The Bon-Ton Stores, Inc.’s (NASDAQ: BONT) Board of Directors (the “Board) announced the election of Bud Bergren as Chairman of the Board and accepted Tim Grumbacher’s resignation as Executive Chairman of the Board. Mr. Grumbacher remains a Director of the Company and was named Strategic Initiatives Officer. Additionally, Brendan Hoffman, recently appointed as President and CEO of the Company effective February 7, 2012, was elected a Director of the Company. The actions of the Board were taken on January 26, 2012 with an effective date of February 7, 2012. The transition of Mr. Bergren to Chairman of the Board is in accordance with the Board of Directors’ succession plan.
Mr. Bergren was President and Chief Executive Officer of Bon-Ton since August 2004. He joined the Company in November 2003 in conjunction with the Company’s acquisition of The Elder-Beerman Stores Corp., where he served as President and Chief Executive Officer from February 2002 through August 2004. He was appointed Vice Chairman of Bon-Ton in November 2003.
The Bon-Ton Stores, Inc., with corporate headquarters in York, Pennsylvania and Milwaukee, Wisconsin, operates 274 department stores, which includes 11 furniture galleries, in 23 states in the Northeast, Midwest and upper Great Plains under the Bon-Ton, Bergner’s, Boston Store, Carson Pirie Scott, Elder-Beerman, Herberger’s and Younkers nameplates and, in the Detroit, Michigan area, under the Parisian nameplate. The department stores offer a broad assortment of national and private brand fashion apparel and accessories for women, men and children, as well as cosmetics and home furnishings. For further information, please visit the investor relations section of the Company’s website at http://investors.bonton.com.

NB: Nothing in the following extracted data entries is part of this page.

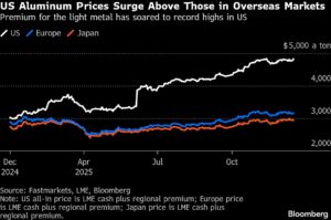US Aluminum Prices Surge Above Those in Overseas Markets | Premium for the light metal has soared to record highs in US Jackson Chen | December 16, 2025 | 2:52 pm Share Comments Cancel replyYour email address will not be published. Required fields are marked * Save my name, email, and website in this browser for the next time I comment. Δ No comments found. More News Mexico and Canada plan joint action on minerals The countries will present an joint action plan on minerals, infrastructure and supply chains in the second half of the year. February 16, 2026 | 09:46 am {{ commodity.name }} {{ post.title }} {{ post.excerpt }} {{ post.date }} First < {{ page }} > Last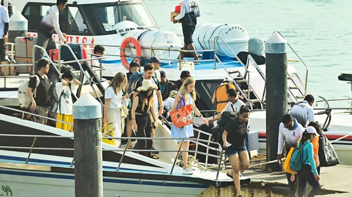 Wisatawan mancanegara menuruni kapal Segera setibanya di Pelabuhan Sanur, Denpasar, Bali, Selasa (3/6/2025). Badan Pusat Statistik Bali mencatat kunjungan wisatawan mancanegara (wisman) ke Pulau Bali pada bulan April 2025 mencapai 591.221 orang atau meningkat 25,56 persen Apabila dibandingkan jumlah kunjungan wisman bulan sebelumnya dengan mayoritas wisman berasal dari Australia. ANTARA/Fikri Yusuf/gus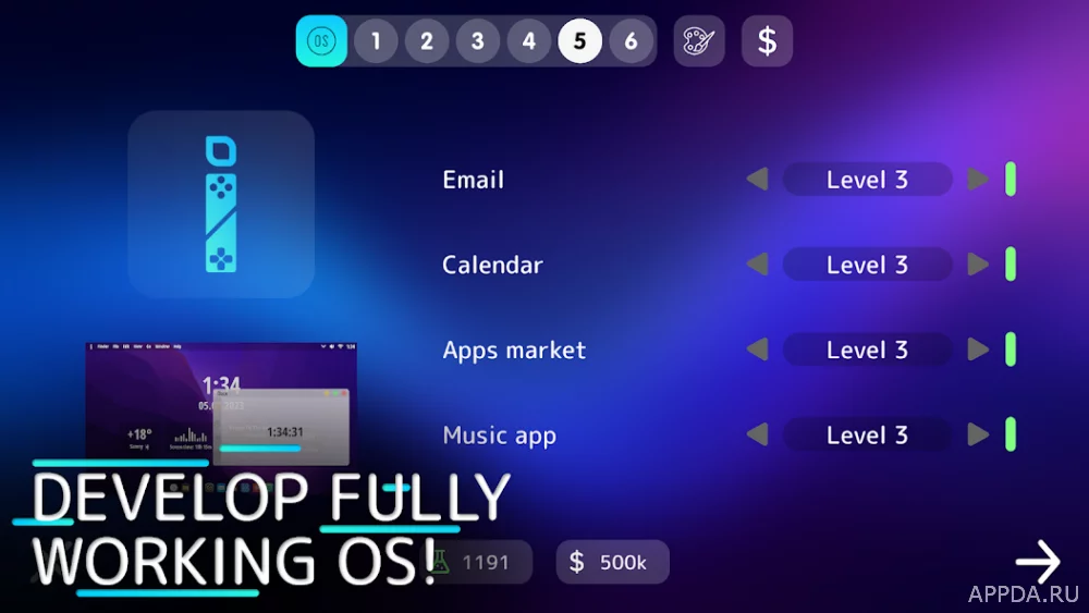 Игра предлагает более 3000 уникальных технологий, сложный режим для любителей, умное поведение оппонентов, запуск OC на игровом ПК, развитие и улучшение офиса и многое другое.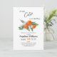 Baby shower invitations decorated with an illustration of a delicious tangerine branch with flowers in a watercolor sketch style.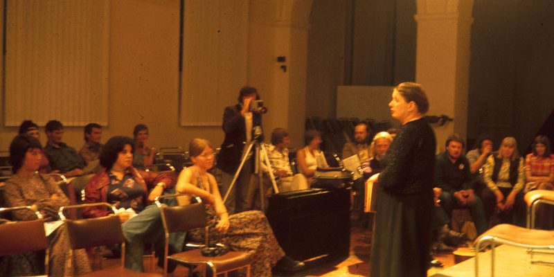 With traveller singer, from the right Lizzie Higgins with AW (left centre) at a recital of north east poetry and song organised by Annie Inglis, as part of Richard Demarco’s peripatetic summer school, Edinburgh Arts 75, at Aberdeen Art Gallery.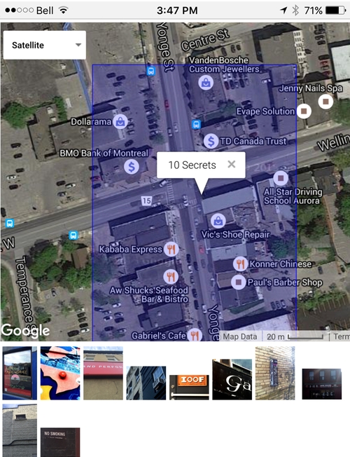 The web app displays a map that you use to find target areas to search. To find areas that have secrets, you scroll and zoom the map until at least one secret is revealed. The clues for these secrets will appear. You won't be able to solve the mysteries until you are in their vicinity. Visit the area then use the map for final details before solving.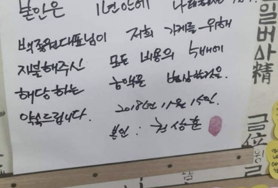 홍탁집 아시죠~ 그분이 올린 각서와 (저는 이런 내용은 몰랐습니다....5배배상....ㅎㅎ)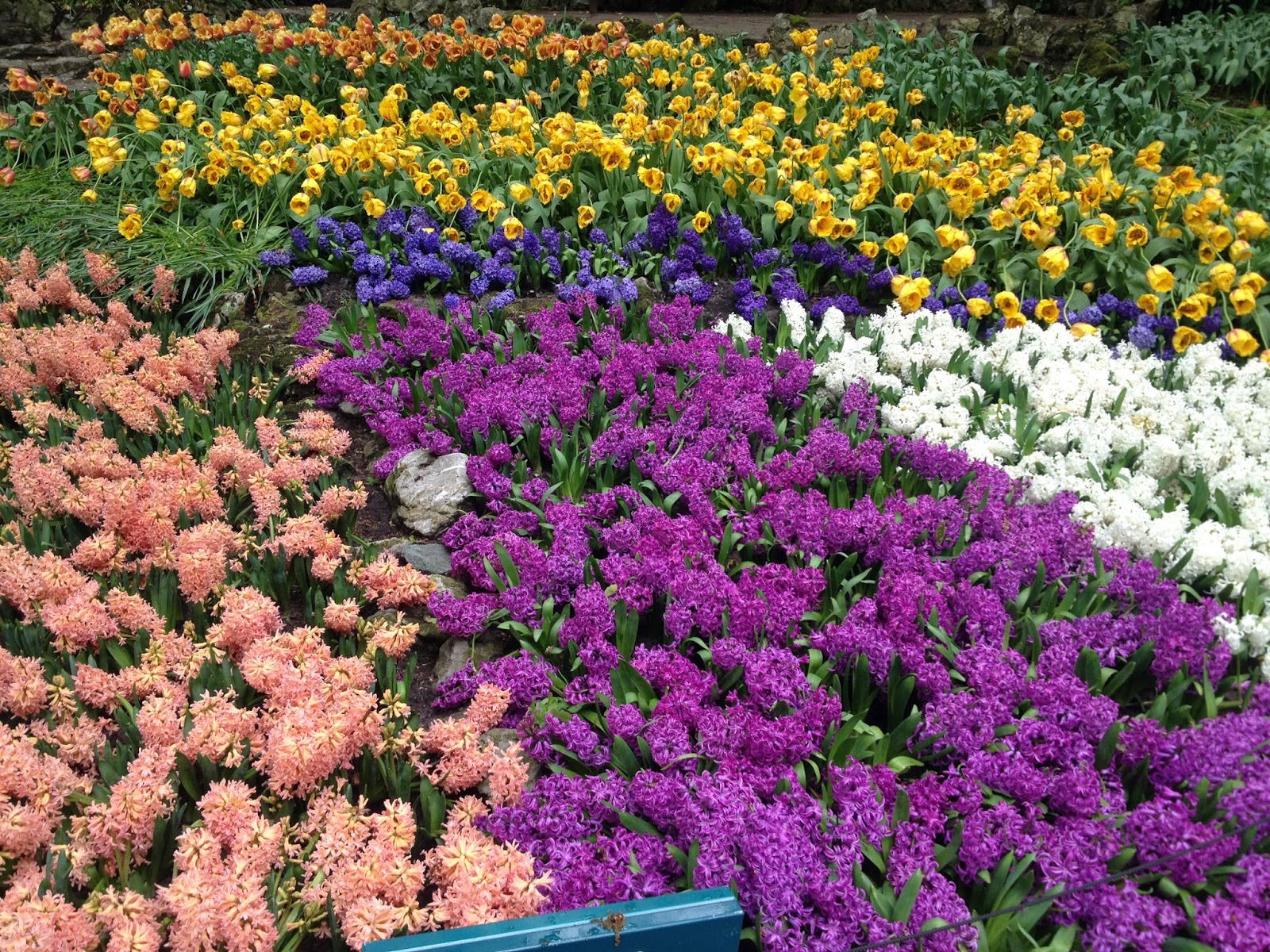 沿著花園漫步就可以看到色彩繽紛的鬱金香,每一處都讓人想佇足拍照,純白、粉紅、桃紅、深紅、紫色、粉橘.....美呆了的花海,真的是前所未見的視覺饗宴 (((o(*゚▽゚*)o)))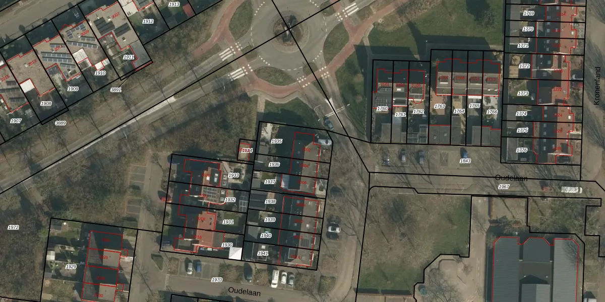 Gebruik de zoekbalk of klik op een perceel voor informatie over de adressen binnen dit perceel.

Certain information included in this press release contains statements that are forward-looking within the meaning of the Private Securities Litigation Reform Act of 1995. Such forward-looking statements, which may be identified by words such as “may,” “could,” “will,” “plan,” “expect,” “anticipate,” “estimate,” “project,” “intend” or other similar expressions, involve important risks and uncertainties that could significantly affect results in the future and, accordingly, such results may differ from those expressed in any forward-looking statements made by or on behalf of the Company.
Factors that could cause such differences include, but are not limited to, risks related to retail businesses generally; a significant and prolonged deterioration of general economic conditions which could negatively impact the Company, including the potential write-down of the current valuation of intangible assets and deferred taxes; changes in the terms of the Company’s proprietary credit card program; potential increase in pension obligations; consumer spending patterns, debt levels, and the availability and cost of consumer credit; additional competition from existing and new competitors; inflation; deflation; changes in the costs of fuel and other energy and transportation costs; weather conditions that could negatively impact sales; uncertainties associated with expanding or remodeling existing stores; the ability to attract and retain qualified management; the dependence upon relationships with vendors and their factors; a data security breach or system failure; the ability to reduce or control SG&A expenses; the incurrence of unplanned capital expenditures; the ability to obtain financing for working capital, capital expenditures and general corporate purpose; the impact of new regulatory requirements including the Credit Card Accountability Responsibility and Disclosure Act of 2009 and the Health Care Reform Act; the inability or limitations on the Company’s ability to favorably adjust the valuation allowance on deferred tax assets; the financial condition of mall operators; the successful transition of the position of chief executive officer from Mr. Bergren to Mr. Hoffman.
Additional factors that could cause the Company’s actual results to differ from those contained in these forward-looking statements are discussed in greater detail under Item 1A of the Company’s Form 10-K filed with the Securities and Exchange Commission.